Hace ya tiempo, Tabucchi mantuvo una abierta polémica con Umberto Eco sobre el papel de los intelectuales en la vida pública. Coincidió con los primeros años de Berlusconi. Eco escribió entonces sobre el ruido del intelectual en asuntos que no deberían llevarle a manifestarse en mayor medida que cualquier otro ciudadano. Denunciaba la arrogancia de reclamar un derecho a conocer más allá de las evidencias. Lo que Eco venía a decir es que un intelectual, igual que otros ciudadanos, lo único que tendría que hacer si su casa se quemaba era avisar a los bomberos. «Su deber es permanecer callado cuando no sirve para nada», escribió, en 1997. Eco en su sección La Bustina di Minerva del semanario «L’Espresso». Tabucchi respondió que si su apartamento se quemase, además de llamar a los bomberos, lo que él haría sería intentar saber si el fuego lo originó un cortocircuito o un cóctel Molotov. En Italia, en estos momentos y si hay que juzgarlo por los ataques que está sufriendo la libertad de expresión, podríamos concluir en que hay declarado más de un incendio

Ese papel vigilante del intelectual que siempre ha asumido Tabucchi, igual que hicieron Elio Vittorini frente al stalinista Togliatti, o Sciascia y Passolini contra el poder establecido desde Palacio, le ha llevado últimamente a convertirse en el escritor más perseguido en la Italia de Berlusconi. El pasado mayo tuvo que defenderse de una demanda judicial del presidente del Senado, Renato Schifani, que le reclama 1,25 millones de euros por supuestos daños a su imagen en un artículo publicado en «L’ Unità». Tabucchi ha criticado de modo reiterada la ley Alfano, aprobada por el Gobierno, que impide procesar a los cuatro máximos altos cargos del Estado, entre los que se encuentra Schifani.

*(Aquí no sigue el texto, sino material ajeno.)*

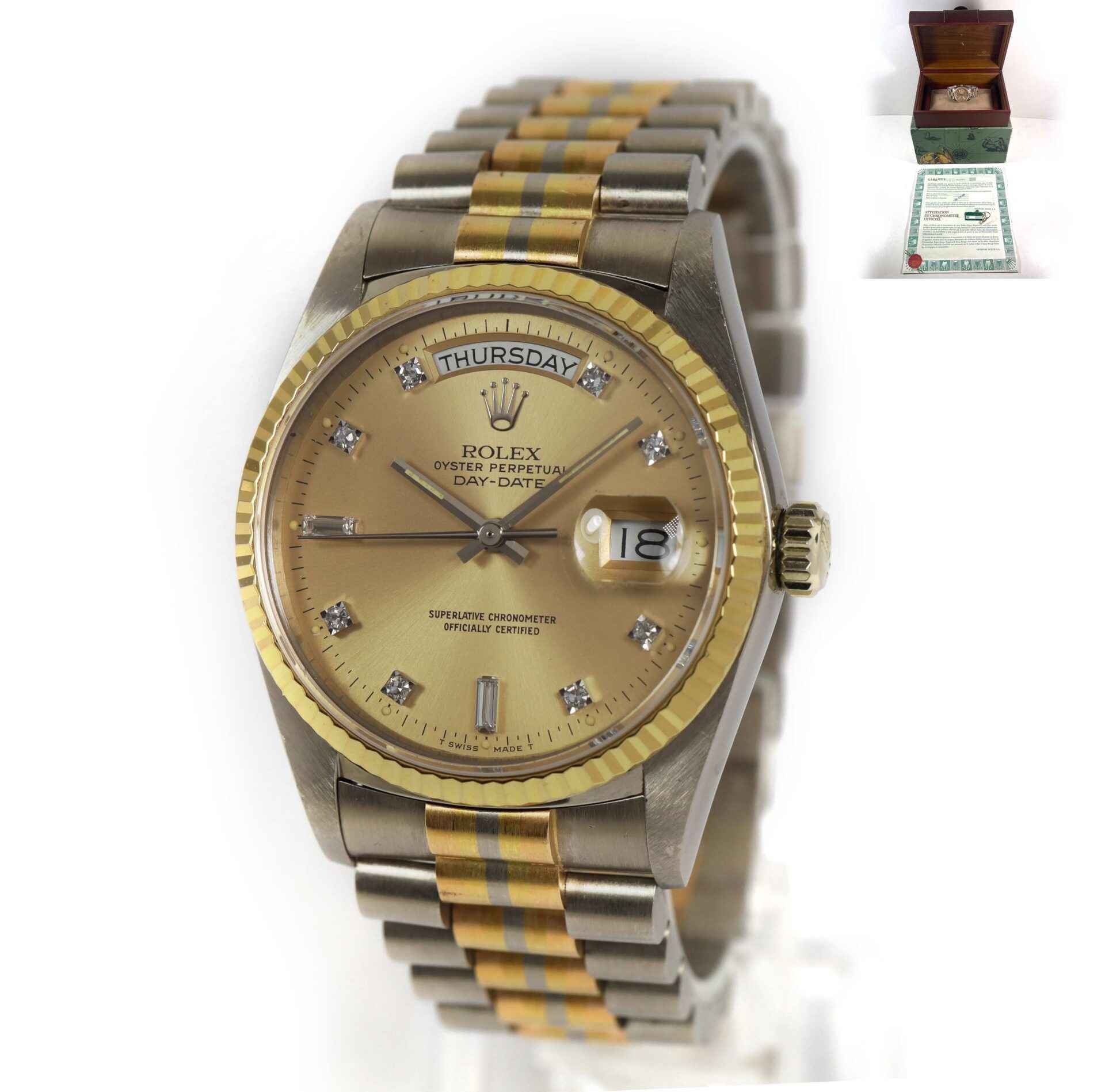 This watch is in excellent condition and is functioning properly. It comes with an original box and booklet, however no warranty certificate. The inner chapter ring is engraved (Rehaut), and it is a Z serial, indicatin...

En medio de esta zozobra frente al berlusconismo, el último libro de Antonio Tabucchi representa una reflexión acerca del tiempo a través de nueve cuentos, o pequeñas novelas con un mismo nexo, sobre el pasado comunista en la Europa del Este. Il tempo invecchia in fretta (El tiempo envejece deprisa), publicado casi a la vez en Italia y en Francia, es una parábola acerca del tiempo real y el propiamente histórico. El viejo bloque comunista es para Tabucchi un paréntesis de años en las vidas de millones de personas parasitadas por un sistema. La salida de ese paréntesis, la caída del Muro de Berlín, causa un choque violento entre ese tiempo histórico detenido y el íntimo. El desajuste que se produce en las vidas de las gentes es lo que fascina a Tabucchi: cómo los malos recuerdos pueden ser también insustituibles en la nostalgia de quienes sufrieron represiones a lo largo de años.

A Pietro Citati, el crítico literario más intransigente e influyente de Italia, le preguntaron no hace mucho por Tabucchi y respondió que se trataba de un escritor excelente, pero le reprochó cierta propensión a repetirse. Yo, modestamente, no encuentro repetición en Tabucchi más allá de esa experiencia del tiempo y de la muerte que está en Tristano muere (2004), una de sus grandes novelas, y que le ha acompañado durante los diez últimos años de su vida. Ahora, después de la época salazarista en Sostiene Pereira y la fascista en la obra anteriormente citada, las páginas de Il tempo invecchia in fretta conducen un puñado de vidas por el túnel de la historia en una nueva confrontación del pasado y el presente.

Tabucchi ha dicho que narrar es hacer que el mundo sea más liviano, «como un soplo de aire». Incluso para los intelectuales que quieren saber algo más de las evidencias o la verdad oficial que las autoridades están dispuestas a admitir.